• What you have to do:
Only the lines below from the one that contains "Seit 1951 war" through the one that contains "Este elegante alojamiento" should appear in your answer, exact and without pictures.

• Supplied records:
========================================================================
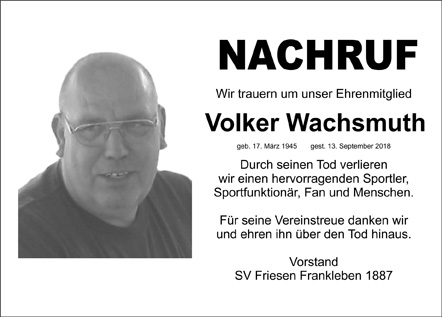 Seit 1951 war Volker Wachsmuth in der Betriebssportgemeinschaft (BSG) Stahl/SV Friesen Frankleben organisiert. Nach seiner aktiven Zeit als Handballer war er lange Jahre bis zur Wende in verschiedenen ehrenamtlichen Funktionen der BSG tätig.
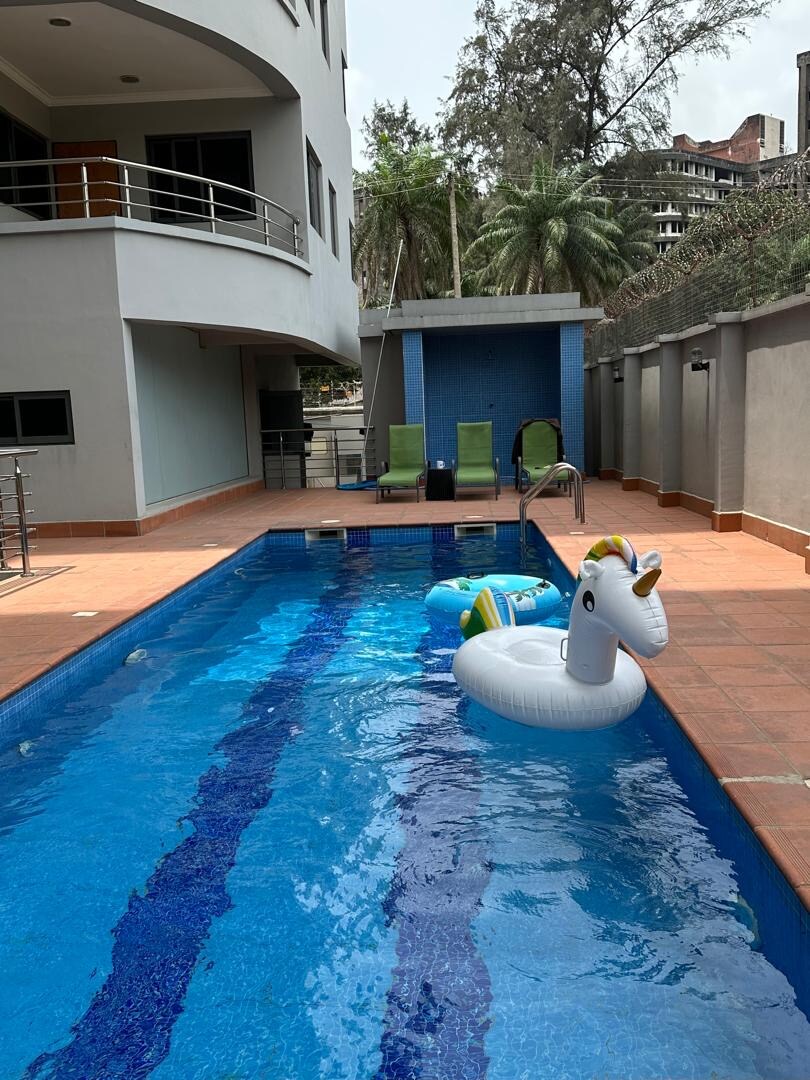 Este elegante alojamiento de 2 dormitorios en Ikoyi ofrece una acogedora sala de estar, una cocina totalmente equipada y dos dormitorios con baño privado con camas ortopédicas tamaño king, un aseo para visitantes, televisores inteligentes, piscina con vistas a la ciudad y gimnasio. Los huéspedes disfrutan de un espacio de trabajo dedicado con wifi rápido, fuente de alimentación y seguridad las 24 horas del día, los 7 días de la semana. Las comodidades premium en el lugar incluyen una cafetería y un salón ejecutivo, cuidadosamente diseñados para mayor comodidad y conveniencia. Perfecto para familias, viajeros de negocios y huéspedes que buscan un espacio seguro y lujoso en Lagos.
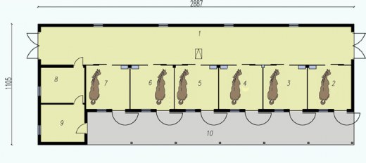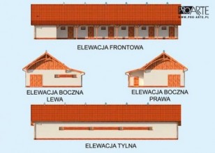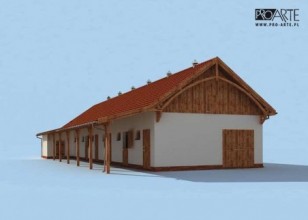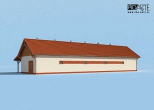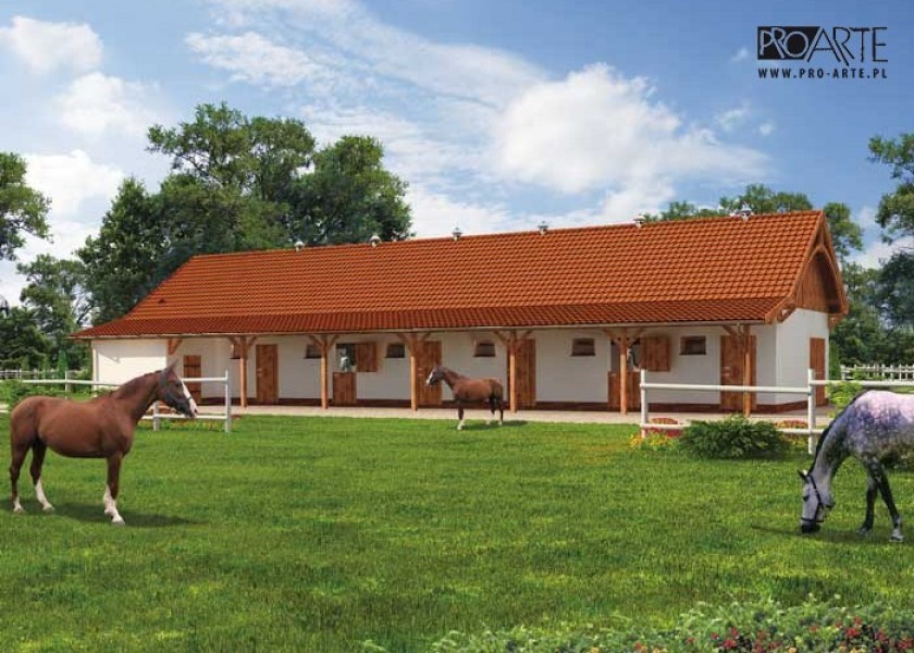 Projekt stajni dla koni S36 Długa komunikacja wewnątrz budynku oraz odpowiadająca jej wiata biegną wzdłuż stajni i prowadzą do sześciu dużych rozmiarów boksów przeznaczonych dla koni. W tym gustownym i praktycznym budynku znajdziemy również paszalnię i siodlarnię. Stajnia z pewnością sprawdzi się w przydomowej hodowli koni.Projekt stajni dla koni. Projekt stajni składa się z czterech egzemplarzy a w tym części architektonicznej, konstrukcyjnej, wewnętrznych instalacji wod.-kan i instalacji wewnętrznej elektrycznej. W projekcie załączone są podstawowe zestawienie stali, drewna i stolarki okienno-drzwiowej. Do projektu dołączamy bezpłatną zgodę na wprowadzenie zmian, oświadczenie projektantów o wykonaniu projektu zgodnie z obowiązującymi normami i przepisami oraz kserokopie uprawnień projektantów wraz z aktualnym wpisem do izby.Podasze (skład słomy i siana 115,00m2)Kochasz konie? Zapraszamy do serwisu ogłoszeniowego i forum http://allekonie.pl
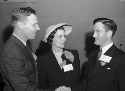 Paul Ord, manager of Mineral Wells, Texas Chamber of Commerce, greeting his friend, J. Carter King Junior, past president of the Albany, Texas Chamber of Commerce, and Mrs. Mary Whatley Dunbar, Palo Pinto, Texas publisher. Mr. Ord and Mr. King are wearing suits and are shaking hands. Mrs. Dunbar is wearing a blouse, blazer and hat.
========================================================================
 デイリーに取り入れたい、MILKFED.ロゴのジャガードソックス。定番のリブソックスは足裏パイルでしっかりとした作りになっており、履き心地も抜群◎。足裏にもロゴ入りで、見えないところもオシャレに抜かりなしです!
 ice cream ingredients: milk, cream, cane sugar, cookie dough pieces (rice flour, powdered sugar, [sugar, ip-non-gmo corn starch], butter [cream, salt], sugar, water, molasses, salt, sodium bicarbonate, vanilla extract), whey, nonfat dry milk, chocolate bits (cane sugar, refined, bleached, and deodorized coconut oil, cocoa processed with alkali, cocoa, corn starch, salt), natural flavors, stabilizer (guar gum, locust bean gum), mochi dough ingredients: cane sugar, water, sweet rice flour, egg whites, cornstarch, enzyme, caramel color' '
========================================================================
• Solution for this task:
 Seit 1951 war Volker Wachsmuth in der Betriebssportgemeinschaft (BSG) Stahl/SV Friesen Frankleben organisiert. Nach seiner aktiven Zeit als Handballer war er lange Jahre bis zur Wende in verschiedenen ehrenamtlichen Funktionen der BSG tätig.
 Este elegante alojamiento de 2 dormitorios en Ikoyi ofrece una acogedora sala de estar, una cocina totalmente equipada y dos dormitorios con baño privado con camas ortopédicas tamaño king, un aseo para visitantes, televisores inteligentes, piscina con vistas a la ciudad y gimnasio. Los huéspedes disfrutan de un espacio de trabajo dedicado con wifi rápido, fuente de alimentación y seguridad las 24 horas del día, los 7 días de la semana. Las comodidades premium en el lugar incluyen una cafetería y un salón ejecutivo, cuidadosamente diseñados para mayor comodidad y conveniencia. Perfecto para familias, viajeros de negocios y huéspedes que buscan un espacio seguro y lujoso en Lagos.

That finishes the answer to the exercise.